There are some lines of research in the development of science that in all likelihood will not have a ‘breakthrough’ – a big rush of discovery. Instead, the discovery will be piecemeal; sometimes it will be discovery in very small pieces accumulating until a hypothesis is verified. Not all tracks like this are important, but many are. The specific research track in this case is called “DNA repair” – how damaged DNA is detected and repaired in living cells. The ‘small piece’ is an international study that tracks the behavior of proteins that do the repairing.
DNA in all living things is both complex and relatively fragile. DNA damage could be caused by many things including toxins, radiation, or a failure in molecular chemistry. If it happens in one cell, the damage may do nothing, or at worse cause the cell to die. If damage occurs in a reproductive cell (a zygote) it can be an inherited mutation; the consequences of which can go on for generations. Inherited mutations happen, of course, but not all that frequently. However, damage to DNA may be much more frequent. Fortunately Nature has ways of making repairs. How this is done is one of the more important questions in genetics.
Monitoring the strands of DNA with the 22,000 genes and millions of base pairs is a difficult task, as one of the study’s authors, Bennett Van Houten, put it:
“How this system works is an important unanswered question in this field. It has to be able to identify very small mistakes in a 3-dimensional morass of gene strands. It’s akin to spotting potholes on every street all over the country and getting them fixed before the next rush hour.”
The DNA repair workers are (so far as we know) protein molecules. For this study, two such proteins were selected: UvrA and UvrB, which have long been associated with DNA repair. The subject at hand with the DNA was the lab standard bacterium E. coli.
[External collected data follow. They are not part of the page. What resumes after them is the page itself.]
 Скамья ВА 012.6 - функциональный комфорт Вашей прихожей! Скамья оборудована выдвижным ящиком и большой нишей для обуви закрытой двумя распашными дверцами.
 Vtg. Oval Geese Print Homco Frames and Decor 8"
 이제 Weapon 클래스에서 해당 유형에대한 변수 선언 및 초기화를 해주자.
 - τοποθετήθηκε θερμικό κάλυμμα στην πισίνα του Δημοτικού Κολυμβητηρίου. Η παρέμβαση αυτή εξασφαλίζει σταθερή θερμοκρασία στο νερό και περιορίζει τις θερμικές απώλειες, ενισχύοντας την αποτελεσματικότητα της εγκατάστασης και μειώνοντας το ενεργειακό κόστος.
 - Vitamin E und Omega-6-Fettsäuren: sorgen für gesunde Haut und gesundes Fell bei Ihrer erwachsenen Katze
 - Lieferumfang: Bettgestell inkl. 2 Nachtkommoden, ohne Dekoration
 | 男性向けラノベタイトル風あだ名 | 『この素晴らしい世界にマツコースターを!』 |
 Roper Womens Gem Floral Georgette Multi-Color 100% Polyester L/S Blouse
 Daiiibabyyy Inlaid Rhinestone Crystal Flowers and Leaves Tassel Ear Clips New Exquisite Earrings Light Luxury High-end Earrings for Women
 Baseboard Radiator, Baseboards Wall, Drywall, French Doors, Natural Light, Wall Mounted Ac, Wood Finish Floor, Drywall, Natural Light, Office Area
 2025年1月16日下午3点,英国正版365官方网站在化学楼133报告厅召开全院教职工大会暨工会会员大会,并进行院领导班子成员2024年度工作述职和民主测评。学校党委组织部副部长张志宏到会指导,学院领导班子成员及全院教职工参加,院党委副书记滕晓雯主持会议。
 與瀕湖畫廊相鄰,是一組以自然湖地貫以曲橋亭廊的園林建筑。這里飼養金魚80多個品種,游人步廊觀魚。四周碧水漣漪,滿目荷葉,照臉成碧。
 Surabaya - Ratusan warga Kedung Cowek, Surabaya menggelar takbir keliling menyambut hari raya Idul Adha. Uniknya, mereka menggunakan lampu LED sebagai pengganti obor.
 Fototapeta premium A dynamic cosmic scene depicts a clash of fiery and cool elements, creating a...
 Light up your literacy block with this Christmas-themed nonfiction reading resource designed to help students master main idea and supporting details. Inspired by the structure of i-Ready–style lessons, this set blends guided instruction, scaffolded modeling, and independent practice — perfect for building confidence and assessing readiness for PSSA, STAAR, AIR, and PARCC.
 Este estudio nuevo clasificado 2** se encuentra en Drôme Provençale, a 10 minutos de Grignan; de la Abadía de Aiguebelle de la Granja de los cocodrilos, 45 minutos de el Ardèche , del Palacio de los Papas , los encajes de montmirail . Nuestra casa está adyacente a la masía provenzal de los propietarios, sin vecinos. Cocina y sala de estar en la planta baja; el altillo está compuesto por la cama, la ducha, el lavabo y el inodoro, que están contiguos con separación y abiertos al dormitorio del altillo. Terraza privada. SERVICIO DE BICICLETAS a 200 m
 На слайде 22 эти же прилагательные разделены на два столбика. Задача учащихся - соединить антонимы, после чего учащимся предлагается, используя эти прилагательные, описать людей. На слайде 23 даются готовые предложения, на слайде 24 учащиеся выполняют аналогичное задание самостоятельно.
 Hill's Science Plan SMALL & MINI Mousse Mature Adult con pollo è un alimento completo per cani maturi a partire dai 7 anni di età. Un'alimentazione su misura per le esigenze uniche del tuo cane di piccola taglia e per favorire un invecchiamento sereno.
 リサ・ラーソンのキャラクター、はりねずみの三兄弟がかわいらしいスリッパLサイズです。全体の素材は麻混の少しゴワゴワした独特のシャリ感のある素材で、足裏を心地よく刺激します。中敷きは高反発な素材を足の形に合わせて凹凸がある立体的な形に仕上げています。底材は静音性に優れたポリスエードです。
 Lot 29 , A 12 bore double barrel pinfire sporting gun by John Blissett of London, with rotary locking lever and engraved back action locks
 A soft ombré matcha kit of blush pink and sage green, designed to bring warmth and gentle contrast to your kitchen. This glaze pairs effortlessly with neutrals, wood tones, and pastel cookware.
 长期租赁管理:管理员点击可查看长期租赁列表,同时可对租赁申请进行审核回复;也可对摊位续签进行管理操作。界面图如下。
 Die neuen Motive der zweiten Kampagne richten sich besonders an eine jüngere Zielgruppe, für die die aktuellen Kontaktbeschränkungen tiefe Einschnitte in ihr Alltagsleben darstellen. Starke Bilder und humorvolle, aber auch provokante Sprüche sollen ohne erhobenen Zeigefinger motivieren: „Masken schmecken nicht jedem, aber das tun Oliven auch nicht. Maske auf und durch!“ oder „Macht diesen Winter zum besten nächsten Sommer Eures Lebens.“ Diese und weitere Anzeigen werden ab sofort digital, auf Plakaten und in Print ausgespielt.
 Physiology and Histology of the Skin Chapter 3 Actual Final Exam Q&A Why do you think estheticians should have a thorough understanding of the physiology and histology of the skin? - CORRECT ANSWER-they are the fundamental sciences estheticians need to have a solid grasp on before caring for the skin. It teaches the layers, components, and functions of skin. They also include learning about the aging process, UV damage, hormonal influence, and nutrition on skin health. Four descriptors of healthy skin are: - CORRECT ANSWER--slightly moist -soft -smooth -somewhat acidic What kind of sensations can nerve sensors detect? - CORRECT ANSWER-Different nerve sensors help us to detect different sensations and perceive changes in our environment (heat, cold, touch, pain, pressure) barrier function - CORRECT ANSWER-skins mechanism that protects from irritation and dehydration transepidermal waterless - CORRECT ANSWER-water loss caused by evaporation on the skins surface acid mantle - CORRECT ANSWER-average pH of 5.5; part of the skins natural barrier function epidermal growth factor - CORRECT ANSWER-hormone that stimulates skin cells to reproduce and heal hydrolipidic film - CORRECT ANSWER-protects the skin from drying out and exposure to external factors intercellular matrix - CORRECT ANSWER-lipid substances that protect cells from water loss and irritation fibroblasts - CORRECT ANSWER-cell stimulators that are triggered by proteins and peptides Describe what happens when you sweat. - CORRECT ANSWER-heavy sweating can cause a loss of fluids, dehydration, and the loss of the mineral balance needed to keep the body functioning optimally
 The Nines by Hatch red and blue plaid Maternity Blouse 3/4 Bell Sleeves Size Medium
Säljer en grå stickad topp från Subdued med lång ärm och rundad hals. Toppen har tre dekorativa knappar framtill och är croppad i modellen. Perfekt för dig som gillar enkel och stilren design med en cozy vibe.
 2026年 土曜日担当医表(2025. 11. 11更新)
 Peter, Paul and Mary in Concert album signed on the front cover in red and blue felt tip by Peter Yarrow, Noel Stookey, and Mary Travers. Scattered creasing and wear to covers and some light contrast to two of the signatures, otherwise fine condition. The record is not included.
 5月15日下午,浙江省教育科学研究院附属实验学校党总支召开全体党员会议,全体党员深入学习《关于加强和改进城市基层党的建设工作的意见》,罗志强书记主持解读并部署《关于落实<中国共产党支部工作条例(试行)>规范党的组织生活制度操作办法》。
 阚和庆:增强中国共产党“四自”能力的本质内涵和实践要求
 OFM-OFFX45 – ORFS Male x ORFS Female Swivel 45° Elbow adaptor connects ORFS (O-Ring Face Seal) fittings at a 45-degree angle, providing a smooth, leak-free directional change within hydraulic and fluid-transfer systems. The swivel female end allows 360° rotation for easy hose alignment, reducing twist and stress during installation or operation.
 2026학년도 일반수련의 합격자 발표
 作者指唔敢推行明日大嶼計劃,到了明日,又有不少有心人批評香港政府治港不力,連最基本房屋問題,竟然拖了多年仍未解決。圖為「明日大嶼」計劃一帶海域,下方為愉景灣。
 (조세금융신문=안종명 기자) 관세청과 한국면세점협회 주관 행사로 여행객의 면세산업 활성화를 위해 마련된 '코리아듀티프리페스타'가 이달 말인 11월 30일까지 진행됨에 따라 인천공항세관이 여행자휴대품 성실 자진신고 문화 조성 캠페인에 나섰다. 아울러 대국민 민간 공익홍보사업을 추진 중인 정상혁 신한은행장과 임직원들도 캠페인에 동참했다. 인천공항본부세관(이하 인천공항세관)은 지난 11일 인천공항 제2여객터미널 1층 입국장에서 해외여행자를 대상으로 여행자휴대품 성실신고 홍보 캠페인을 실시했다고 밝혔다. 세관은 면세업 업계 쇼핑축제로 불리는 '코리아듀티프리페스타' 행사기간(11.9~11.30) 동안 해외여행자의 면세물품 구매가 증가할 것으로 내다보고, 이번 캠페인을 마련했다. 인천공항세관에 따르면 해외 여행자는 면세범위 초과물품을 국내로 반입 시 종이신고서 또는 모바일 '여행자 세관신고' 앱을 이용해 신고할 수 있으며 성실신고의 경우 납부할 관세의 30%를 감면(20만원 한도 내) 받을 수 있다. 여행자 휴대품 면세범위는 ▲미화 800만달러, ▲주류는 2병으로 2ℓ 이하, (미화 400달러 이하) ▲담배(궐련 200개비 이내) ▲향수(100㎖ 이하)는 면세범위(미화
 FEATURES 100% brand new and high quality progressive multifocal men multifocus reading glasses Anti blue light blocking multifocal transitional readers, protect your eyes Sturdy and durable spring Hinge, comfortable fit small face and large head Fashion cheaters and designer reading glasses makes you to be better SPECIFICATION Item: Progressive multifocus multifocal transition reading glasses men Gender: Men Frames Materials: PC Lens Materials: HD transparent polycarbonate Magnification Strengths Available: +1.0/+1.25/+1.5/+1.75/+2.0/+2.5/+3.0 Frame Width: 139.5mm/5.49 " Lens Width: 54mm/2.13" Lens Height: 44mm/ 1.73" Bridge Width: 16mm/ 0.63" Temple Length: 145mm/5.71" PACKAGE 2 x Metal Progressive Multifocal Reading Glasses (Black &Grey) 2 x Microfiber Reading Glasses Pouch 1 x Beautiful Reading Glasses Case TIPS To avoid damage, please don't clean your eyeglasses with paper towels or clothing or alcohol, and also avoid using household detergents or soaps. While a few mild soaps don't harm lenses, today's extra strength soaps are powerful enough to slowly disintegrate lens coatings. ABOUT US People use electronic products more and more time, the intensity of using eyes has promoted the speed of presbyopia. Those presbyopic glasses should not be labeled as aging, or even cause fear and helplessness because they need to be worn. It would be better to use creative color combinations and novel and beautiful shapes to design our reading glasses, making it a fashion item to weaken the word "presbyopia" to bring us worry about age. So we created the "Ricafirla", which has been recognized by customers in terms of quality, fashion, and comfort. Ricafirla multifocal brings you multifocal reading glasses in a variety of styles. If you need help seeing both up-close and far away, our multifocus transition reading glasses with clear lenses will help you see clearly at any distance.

The key to the experiments was using quantum dots (nano-scale crystal semiconductors) that light up in different colors under excitation, to tag and observe the proteins at work. Under microscopic observations it was seen that the UvrA protein randomly jumps from one DNA molecule to the next, staying about 7 seconds before moving on. However, when UvrA formed a complex with two UvrB molecules (UvrAB), the search became more sophisticated and slower. The complex would slide along the DNA strand for as long as 40 seconds before moving to another molecule. Sometimes it was observed that the UvrAB motion would ‘pause,’ apparently checking for structural abnormalities that might indicate DNA damage.
One more aspect of the UvrAB movement was considered significant: If E. coli had only one UvrAB complex, it would take 13 hours to scan the genome in each cell. However, E. Coli doubles (splits into two cells) every 20 minutes, which implies that there are enough protein complexes to complete DNA correction inside that time – about 40 complexes would do the trick.
Much can be learned from direct observation, however, it’s a little like watching an animal in the forest pause by a series of trees. You can see the animal doing it, but don’t know why.
It’s assumed the protein complex is analyzing, but the mechanism of analysis is unknown. It’s also unknown if the UvrAB complex (or similar complex) actually does the repair, or if it signals for some other protein complex(es) to make the repair.
This study has opened a view on the live action of the repair protein, it’s a tool that contributes to the knowledge of the repair patterns. Now the questions about the physical and chemical activity at the molecular level become paramount to answer more questions – more pieces of the research track.